Stored items from a collection:

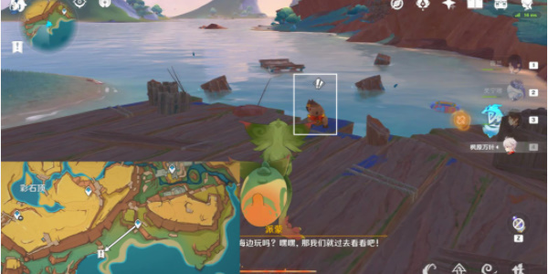 我们传送到彩石顶东南方向海边锚点,往地图的西南方向走,靠近自己的龙伙伴,触发对话接取任务。
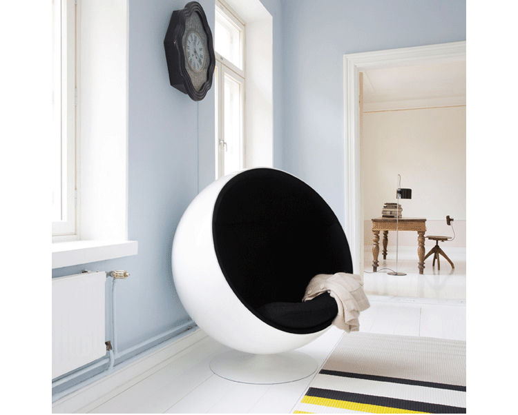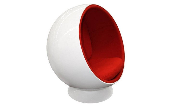 “球椅”是介乎于家具和建筑之间的一种产品,它好像“房间里的房间”,椅子很矮,坐进去,就仿佛陷入另外的一个世界,能迅速拥有安静舒适的环境,外界的噪音也被抵挡住。可以躲在里面冥想、放松身心,或者打私人电话。设计师阿尼奥就在自己那把原版的“球椅”内壁上装了一个红色的电话机,“球椅”提供一个相对私密的空间。椅子底部有轴,能360度旋转,坐在里面的人向外看,眼前的风景会随着转动而改变。这样,即使蜷缩在椅子里,也不会有与外界完全隔离的孤独感。就是这样一个狭小的空间,却带给了人们无比的安全感与舒适感,也就是这把椅子的诞生,掀开了“PODLIFE” 的篇章。"
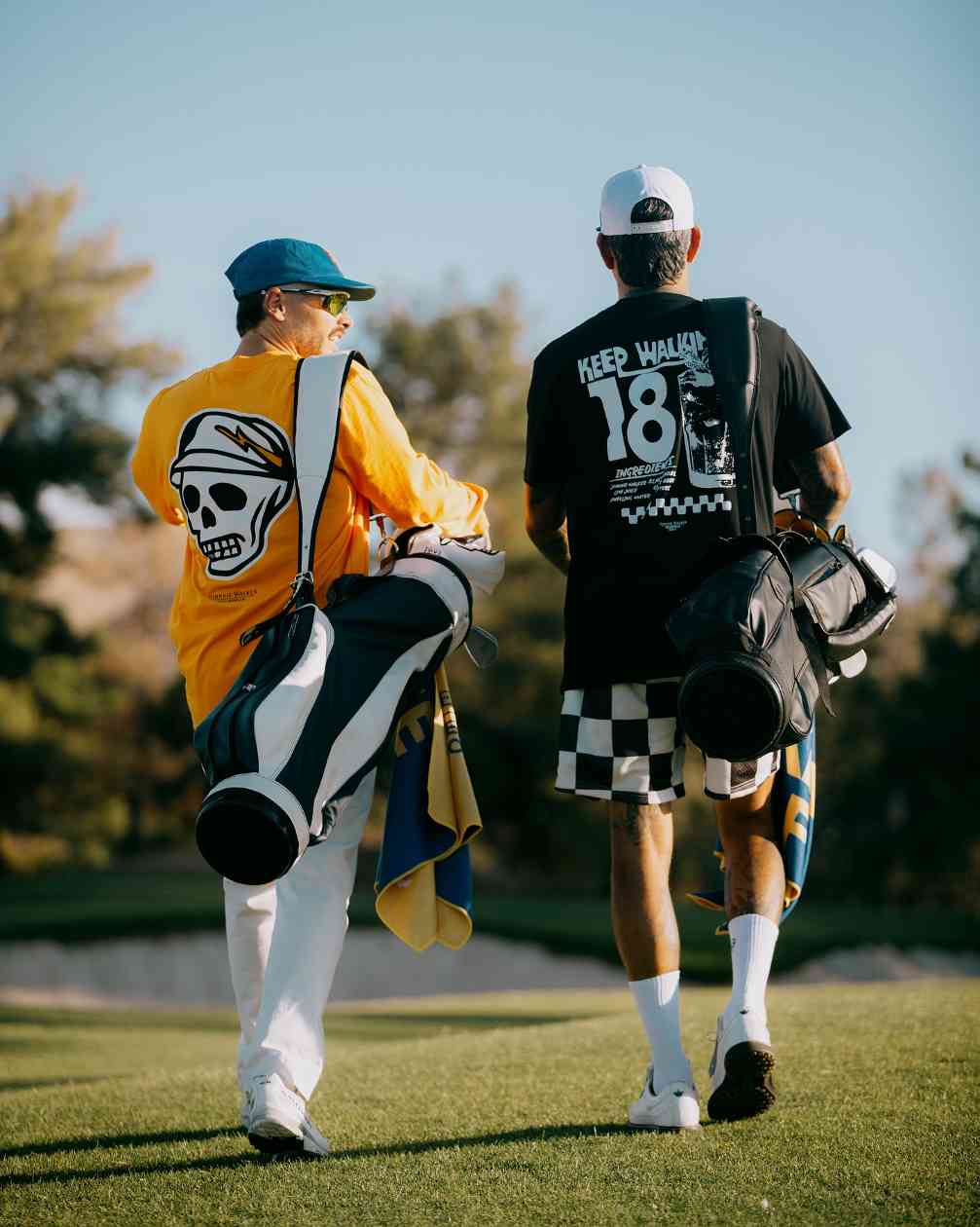 除了 Aimé Leon Dore,KITH 以及 Nike Golf 和 BEAMS Golf 等大家都熟知的高尔夫产品线之外,其实很多新锐高尔夫品牌反而更能不破不立,带来更多惊喜。首先就是 Devereux Golf®。Devereux Golf® 更像是一个高尔夫运动语境下的高级街头品牌,贯穿始终的手绘骷髅元素与改良后的篮球短裤等具有街头气质的运动单品共同营造出全新的街头时尚触觉,这种反叛与一向内敛的高尔夫运动形成鲜明对比。
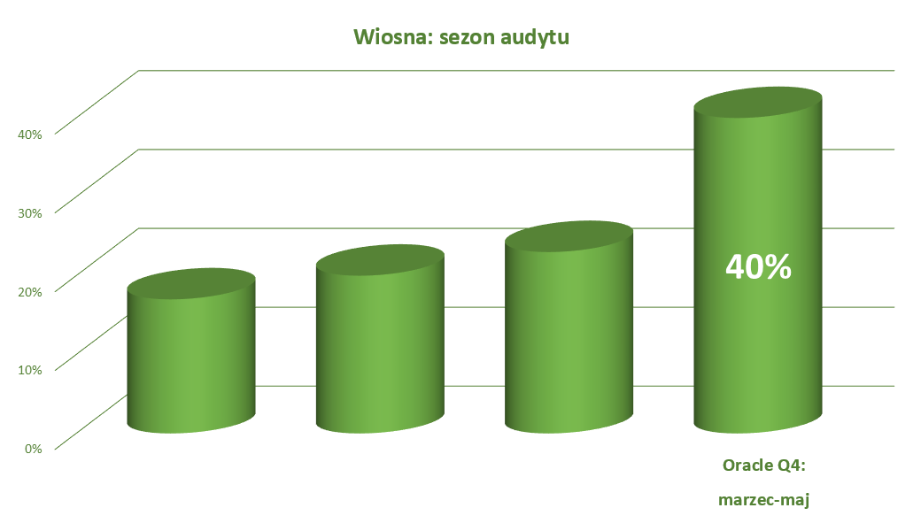 Ostatni kwartał roku obrotowego Oracle przypada na okres od marca do kwietnia-maja i tradycyjnie osiąga 40% rocznych przychodów ze sprzedaży w tym okresie. Coraz bardziej oczywiste jest, że podobnie jak w przypadku innych producentów, audyty oprogramowania są dla Oracle jednym z najpotężniejszych kanałów sprzedaży licencji.
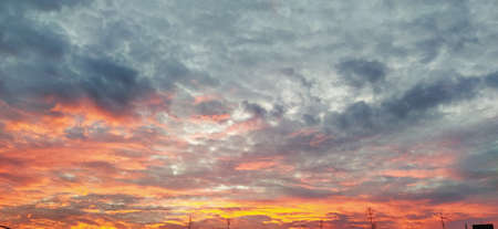Beautiful picture of dramatic sunset sky sith orange clouds
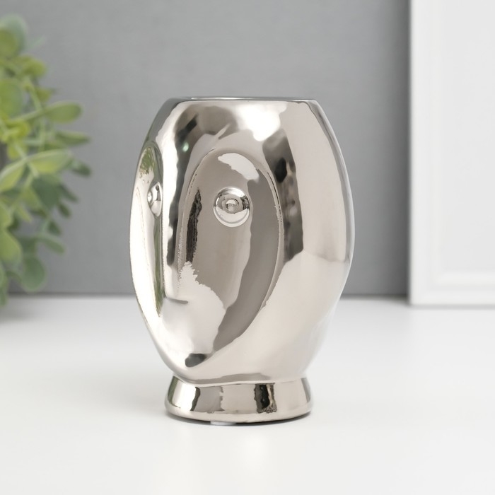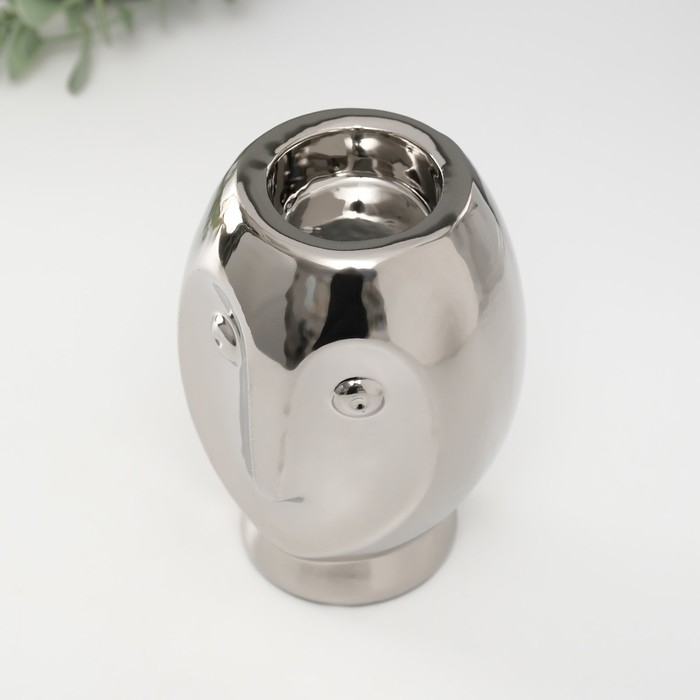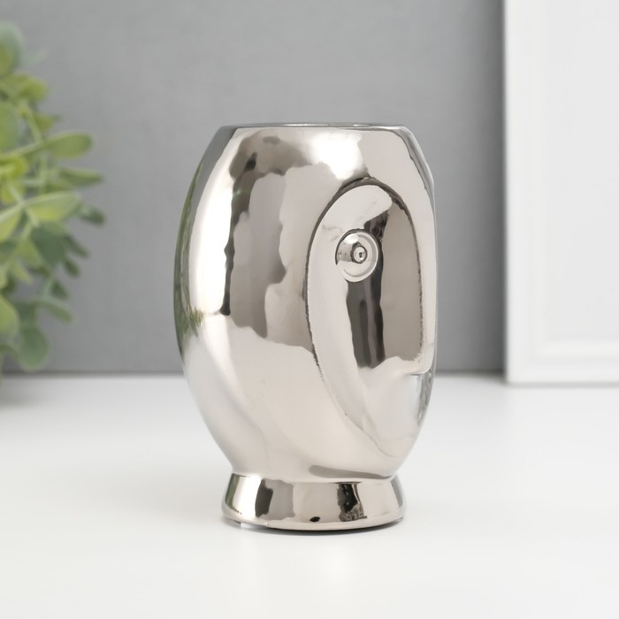 Подсвечник керамика на 1 свечу "Сова Сипуха" d=3,5 серебро 9х8,5х12,5 см

*WORK ITEM:*
Could you give all the records again, exactly, minus the pictures?

*REPLY TO THE EXERCISE:*
 我们传送到彩石顶东南方向海边锚点,往地图的西南方向走,靠近自己的龙伙伴,触发对话接取任务。
 “球椅”是介乎于家具和建筑之间的一种产品,它好像“房间里的房间”,椅子很矮,坐进去,就仿佛陷入另外的一个世界,能迅速拥有安静舒适的环境,外界的噪音也被抵挡住。可以躲在里面冥想、放松身心,或者打私人电话。设计师阿尼奥就在自己那把原版的“球椅”内壁上装了一个红色的电话机,“球椅”提供一个相对私密的空间。椅子底部有轴,能360度旋转,坐在里面的人向外看,眼前的风景会随着转动而改变。这样,即使蜷缩在椅子里,也不会有与外界完全隔离的孤独感。就是这样一个狭小的空间,却带给了人们无比的安全感与舒适感,也就是这把椅子的诞生,掀开了“PODLIFE” 的篇章。"
 除了 Aimé Leon Dore,KITH 以及 Nike Golf 和 BEAMS Golf 等大家都熟知的高尔夫产品线之外,其实很多新锐高尔夫品牌反而更能不破不立,带来更多惊喜。首先就是 Devereux Golf®。Devereux Golf® 更像是一个高尔夫运动语境下的高级街头品牌,贯穿始终的手绘骷髅元素与改良后的篮球短裤等具有街头气质的运动单品共同营造出全新的街头时尚触觉,这种反叛与一向内敛的高尔夫运动形成鲜明对比。
 Ostatni kwartał roku obrotowego Oracle przypada na okres od marca do kwietnia-maja i tradycyjnie osiąga 40% rocznych przychodów ze sprzedaży w tym okresie. Coraz bardziej oczywiste jest, że podobnie jak w przypadku innych producentów, audyty oprogramowania są dla Oracle jednym z najpotężniejszych kanałów sprzedaży licencji.
Beautiful picture of dramatic sunset sky sith orange clouds
 Подсвечник керамика на 1 свечу "Сова Сипуха" d=3,5 серебро 9х8,5х12,5 см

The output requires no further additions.